Arduino Machine Learning Profiling

This repository seeks to compare the performance of different implementations of TVM on Arduino, as well as the performace of our competitor Tensorflow Lite for Microcontrollers's tuned models.

Results summay

The AOT runtime consumes much less RAM than the graph executor, and runs a little faster. Tensorflow Lite for Microcontrollers, however, beats both in terms of speed, RAM usage, and flash usage. AutoTVM and/or operator scheduling must be implemented to obtain competitive performance.

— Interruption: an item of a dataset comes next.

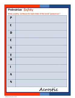 This activity focuses on pedestrian safety. The acrostic is in two formats - A 'complete the sentence' activity where students fill in the missing word and a blank sheet that allow students to be creative in writing their descriptions.
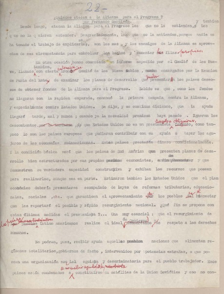 ¿Quienes atacan a la alianza para el progreso? [manuscrito] Fernando Santiván.

Keyword spotting on the Nano 33 BLE

Implementation	Flash usage (bytes)	Unused RAM (bytes)	Initialization speed (ms)	Inference speed (ms)
TVM `graph_executor`	148,152 bytes	137,332 bytes	14.526 ms	101.976 ms
TVM `aot_executor`	125,544 bytes	188,388 bytes	0 ms	87.817 ms
Tensorflow Lite Micro	151,480 bytes	196,580 bytes	1.206 ms	53.654 ms

Person detection on the Nano 33 BLE

Implementation	Flash usage (bytes)	RAM free (bytes)	Initialization speed (ms)	Inference speed (ms)
TVM `graph_executor`	570,352 bytes
TVM `aot_executor`	530,624 bytes
Tensorflow Lite Micro	441,160 bytes	69,604 bytes	71.209 ms	653.005 ms

Person detection on the Sony SPRESENSE

Implementation	Flash usage (bytes)	Unused RAM (bytes)	Initialization speed (ms)	Inference speed (ms)
TVM `graph_executor`	641,912 bytes	319,128 bytes	66.272 ms	1223.217 ms
TVM `aot_executor`	1,210,984 bytes	296,344 bytes	0 ms	1423.898 ms

Models

We picked two models for profiling that have been very heavily tuned by the TLFM folks for performance on Arduino - the micro speech and person detection models (these are the same ones on the TVM Arduino demos repository.

As currently implemented in TVM (with both executors), the person detection model is too large to run on the Arduino Nano, so these cells are blank. Also, Tensorflow Lite for Microcontrollers is platform-specific and does not work on the Sony Spresense, so these cells are blank too.

Flash usage

For measuring flash usage, note that a lot of flash is used by various overhead functions, and by all the crap Arduino automatically adds to your program. For example, the simplest valid Arduino program (seen below) takes 83.4 kB on the Nano 33 BLE and 163.5 kB on the Spresense. For this reason, all measurements of flash memory usage include overhead.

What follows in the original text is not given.